Without including any pictures, reproduce the full listing exactly.

#### Raw data
****************
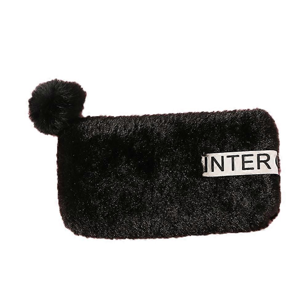 Cute Plush Pen Organizer Pencil Bag Case Pencil Pouch School Stationery(Black)
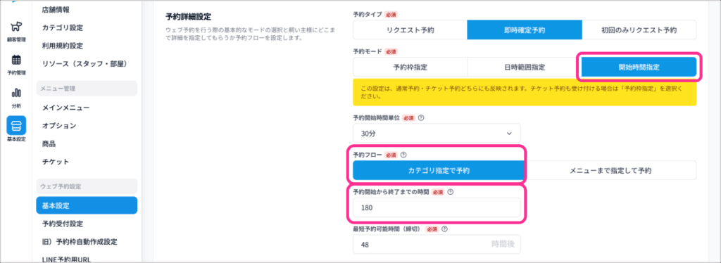予約タイプや予約モード、予約フローの詳細についてはこちらのページで説明しております。
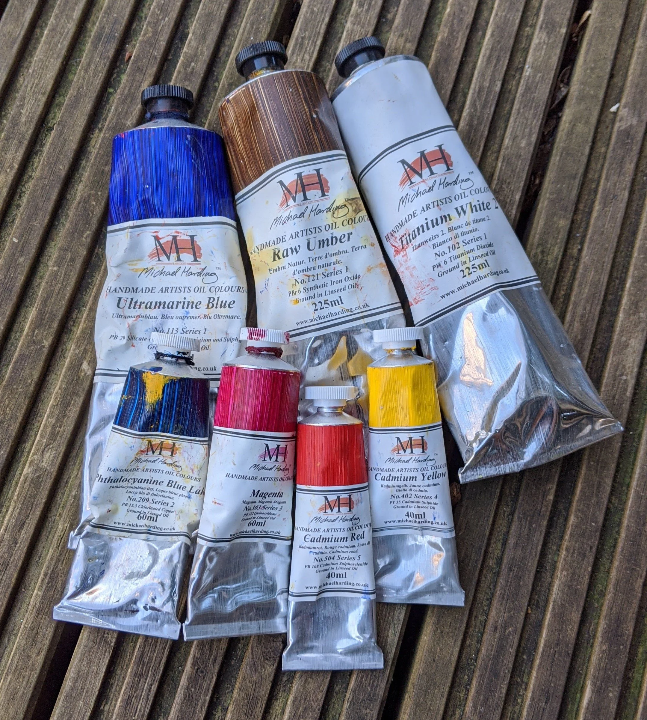 The paints I use are by Michael Harding as well as Winsor and Newton, which contain the finest pigments. They are created by grinding gemstones and minerals from the earth and mixing them with linseed oil. The outcome is a thick and buttery consistency full of vibrant and true colours. These paints help me to achieve landscape paintings that glow and vibrate with a range of magnificent hues.
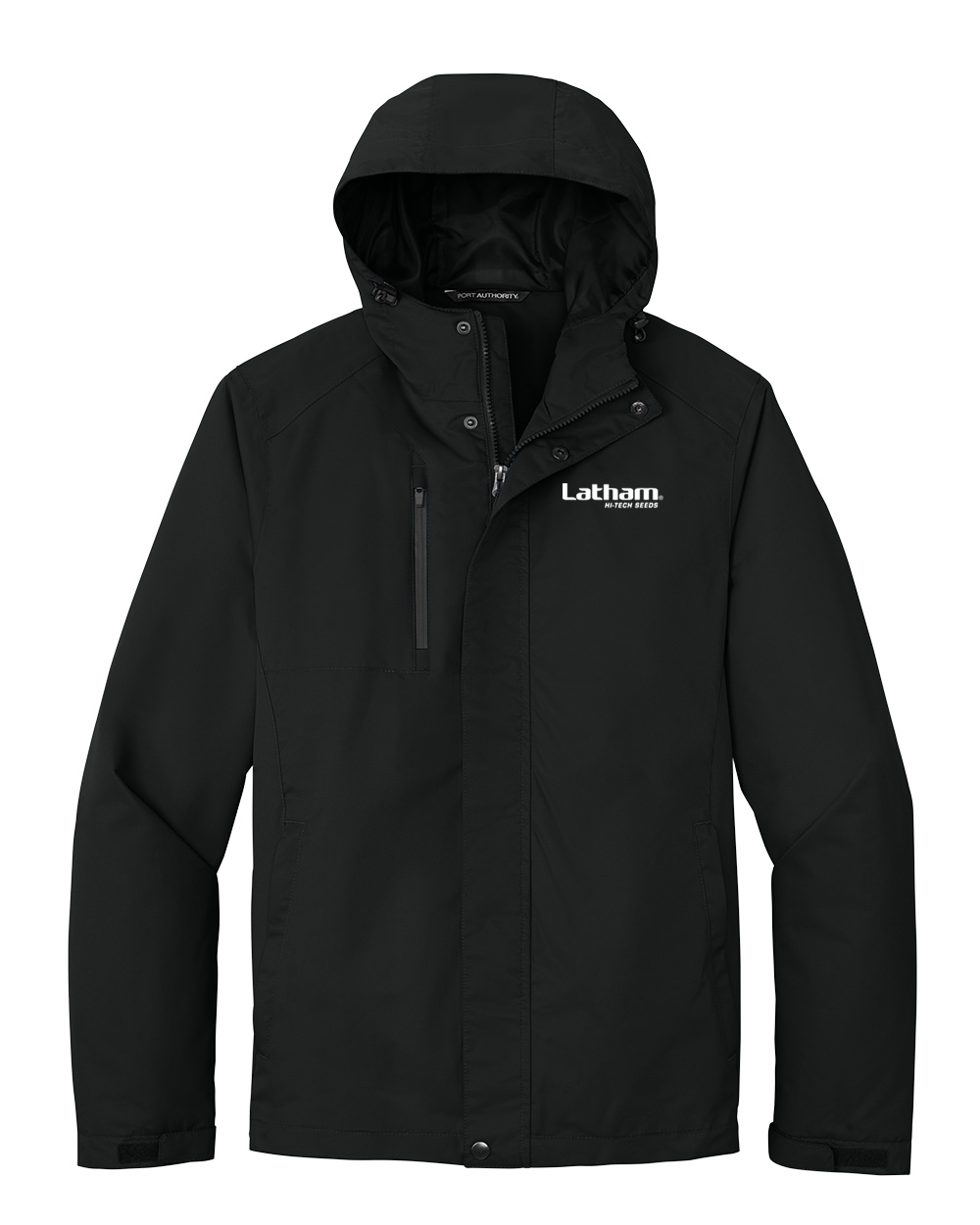 Port Authority All-Conditions jacket embroidered with the Latham Seeds logo. Available in unisex adult sizes.
****************
#### Answer section
 Cute Plush Pen Organizer Pencil Bag Case Pencil Pouch School Stationery(Black)
予約タイプや予約モード、予約フローの詳細についてはこちらのページで説明しております。
 The paints I use are by Michael Harding as well as Winsor and Newton, which contain the finest pigments. They are created by grinding gemstones and minerals from the earth and mixing them with linseed oil. The outcome is a thick and buttery consistency full of vibrant and true colours. These paints help me to achieve landscape paintings that glow and vibrate with a range of magnificent hues.
 Port Authority All-Conditions jacket embroidered with the Latham Seeds logo. Available in unisex adult sizes.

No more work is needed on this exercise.